Kafka streams: Read from ALL partitions in every instance of an application

By : Mauricio Iriarte Val
Date : October 15 2020, 08:10 PM
To fix the issue you can do Either change the number of partitions of your input topic "data_in" to 1 partition or use a GlobalKtable to get data from all partitions in the topic and then you can join your stream with it.

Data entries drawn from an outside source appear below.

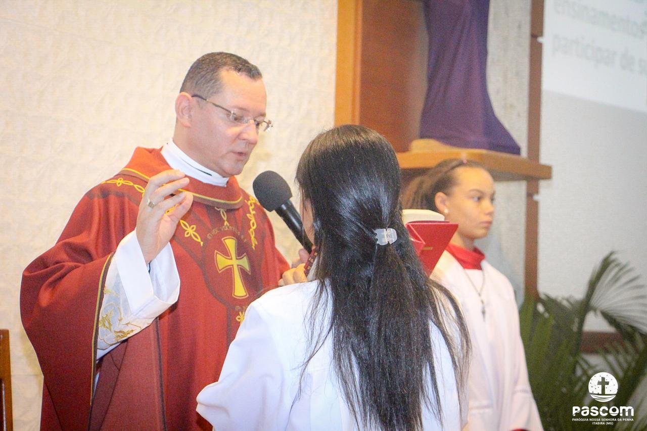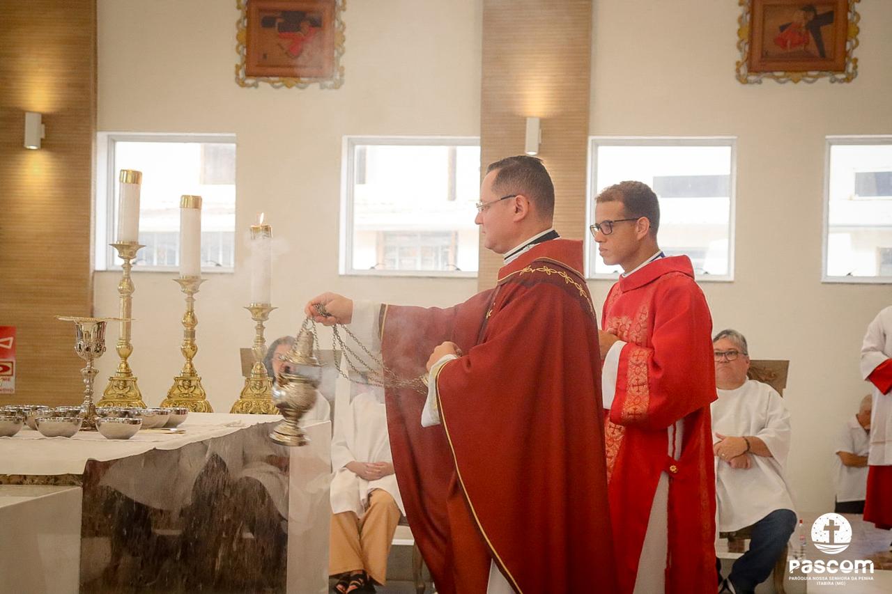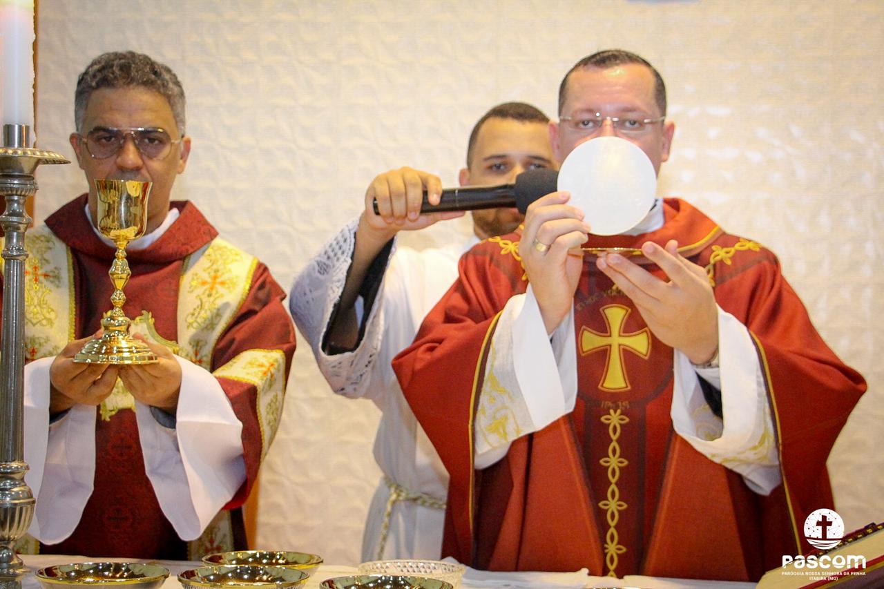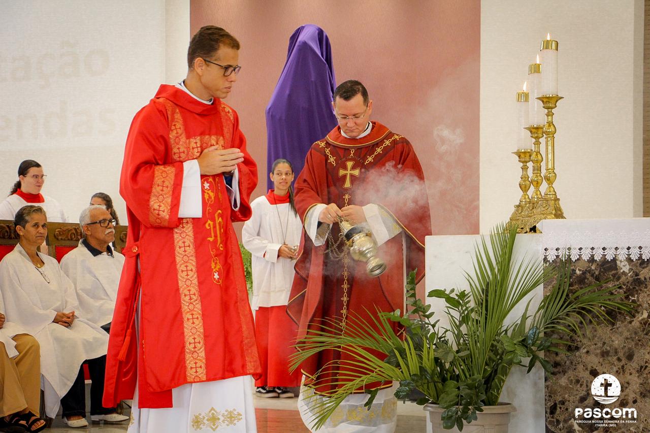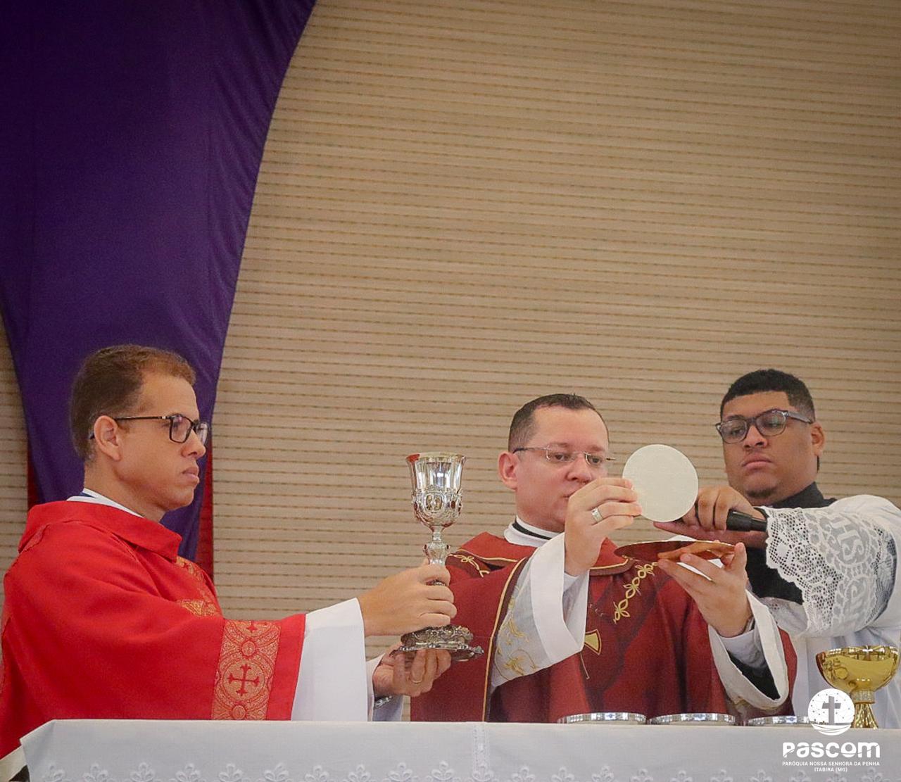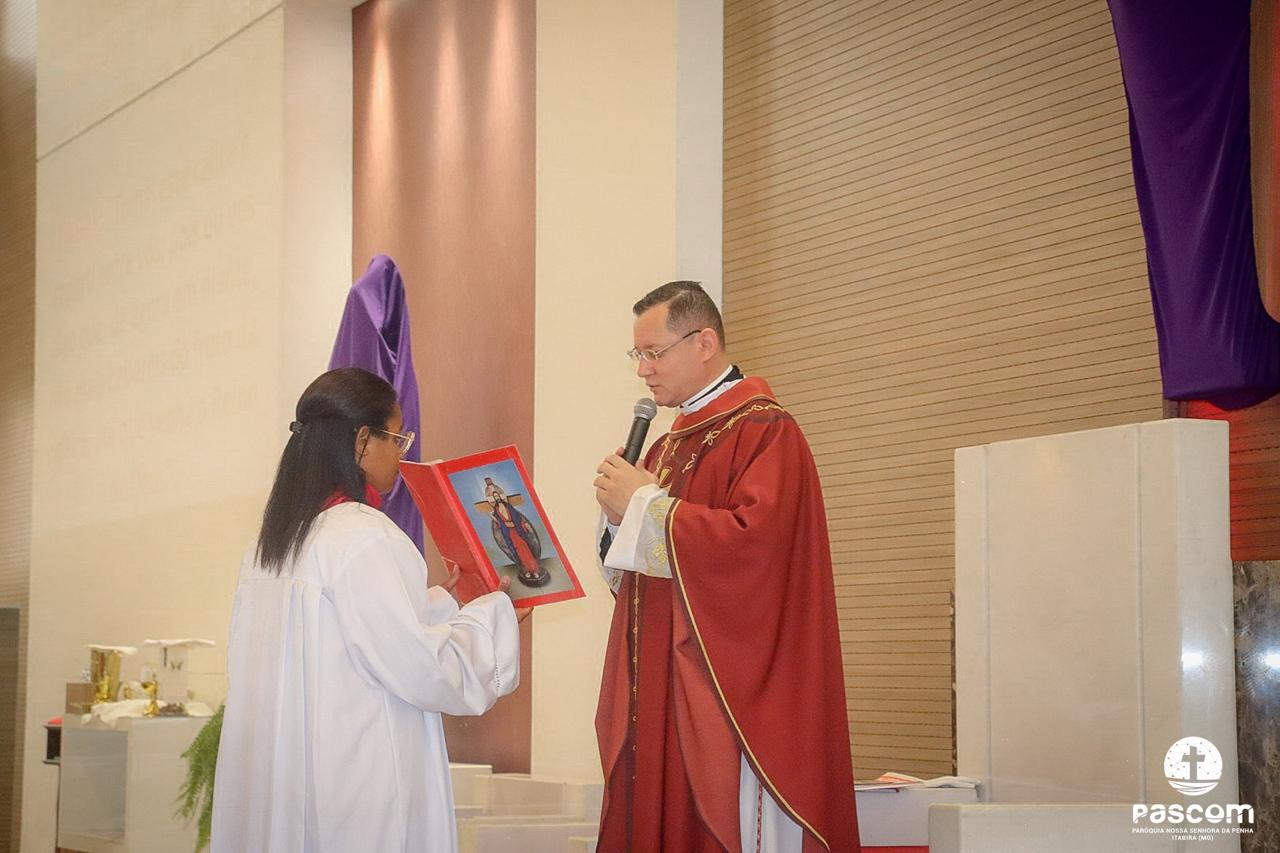 A Paróquia Nossa Senhora da Penha celebrou no último dia 13 de abril, o Domingo de Ramos da Paixão do Senhor. Esta celebração dá início à Semana Santa, onde nos convida a vivenciar com mais fervor o mistério do amor de Deus, através da Paixão, Morte e Ressurreição de Jesus. No Domingo de Ramos, contemplamos a Entrada Triunfal do Senhor em Jerusalém como Rei de Israel, nos chamando a também proclamarmos o senhorio de Cristo em nossa vida. Vários fiéis participaram da procissão e celebração eucarística, levando ramos para serem abençoados.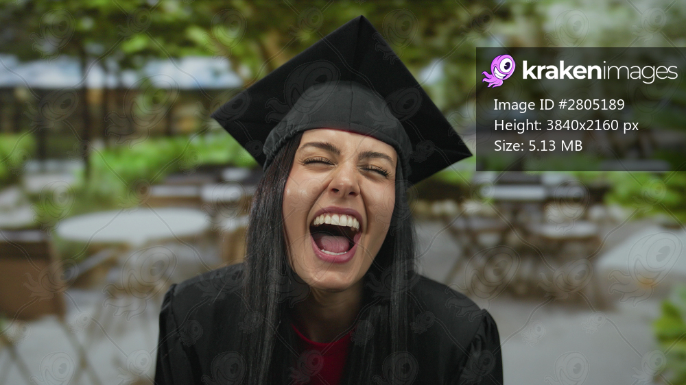 Woman smiling in graduation cap and gown at an outdoor terrace cafe surrounded by trees, celebrating her achievement with a joyful expression.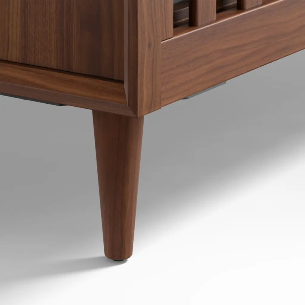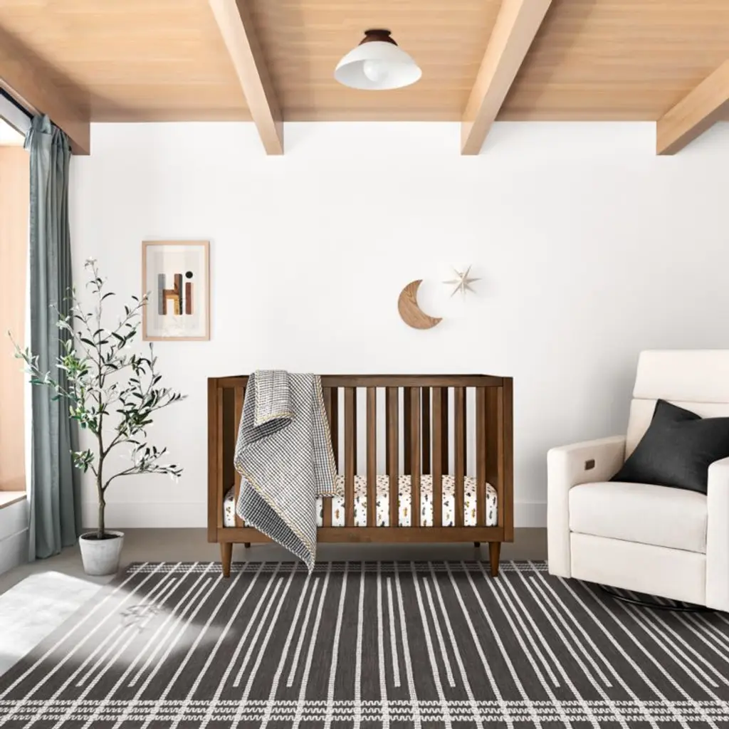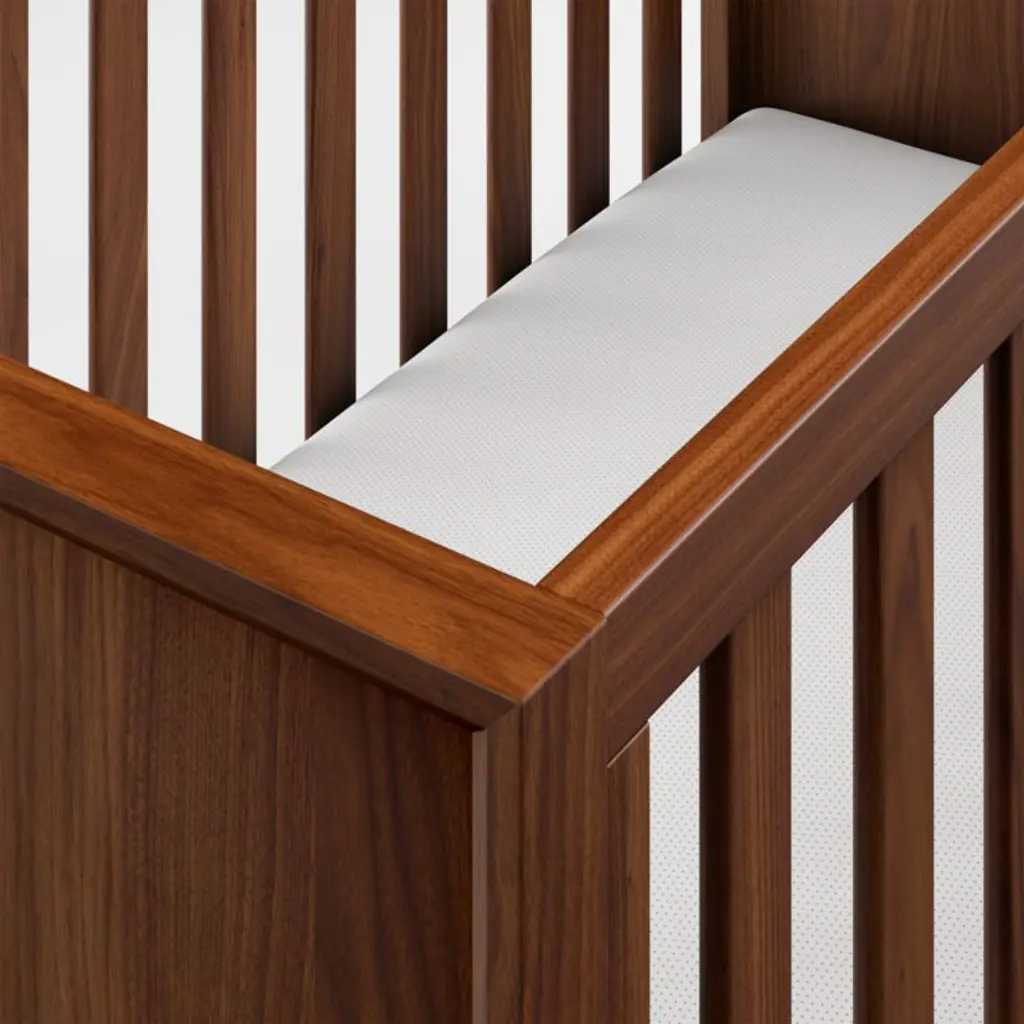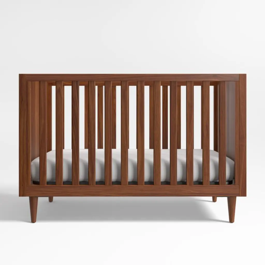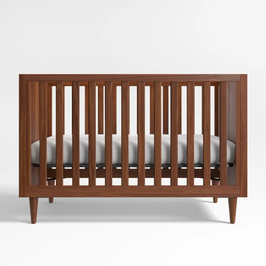 Meet Tatum. Crate & Kids' quintessential mid-century furniture collection for today's modern family. Tailored lines and tapered legs are expertly crafted in solid poplar and walnut veneer with a natural walnut finish to highlight the gorgeous grain pattern. Create a timeless nursery design with coordinating pieces from our Tatum Mid-Century Collection. Pairs with any of our Crib Mattresses.Learn how to choose a crib.

With that, your apps instances no longer have to be in different consumer group.
The code will look like this :
code :
private GlobalKTable<String, theDataList> globalStream() {

   // KStream of records from data-in topic using String and theDataSerde deserializers
  KStream<String, Data> trashStream = getBuilder().stream("data_in", Consumed.with(Serdes.String(), SerDes.theDataSerde));

  thrashStream.to("new_data_in"); // by sending to an other topic you're forcing a repartition on that topic

  KStream<String, Data> newTrashStream = getBuilder().stream("new_data_in", Consumed.with(Serdes.String(), SerDes.theDataSerde));

  // Apply an aggregation operation on the original KStream records using an intermediate representation of a KStream (KGroupedStream)
  KGroupedStream<String, Data> KGS = newTrashStream.groupByKey();

  Materialized<String, theDataList, KeyValueStore<Bytes, byte[]>> materialized = Materialized.as("agg-stream-store");
  materialized = materialized.withValueSerde(SerDes.theDataDataListSerde);

// Return a KTable
  KGS.aggregate(() -> new theDataList(), (key, value, aggregate) -> {
      if (!value.getValideData())
          aggregate.getList().removeIf((t) -> t.getTimestamp() <= value.getTimestamp());
      return aggregate;
  }, materialized)

  return getBuilder().globalTable("agg_data_in");

Kafka Streams - kafka-streams-application-reset.sh sending wrong API version

By : Tacti_Steve
Date : March 29 2020, 07:55 AM
this one helps. Kafka Streams is based on version 0.10 and does not work for 0.9.
The same is true for bin/kafka-streams-application-reset tool. It uses a 0.10 KafkaClient internally and requires a 0.10 broker.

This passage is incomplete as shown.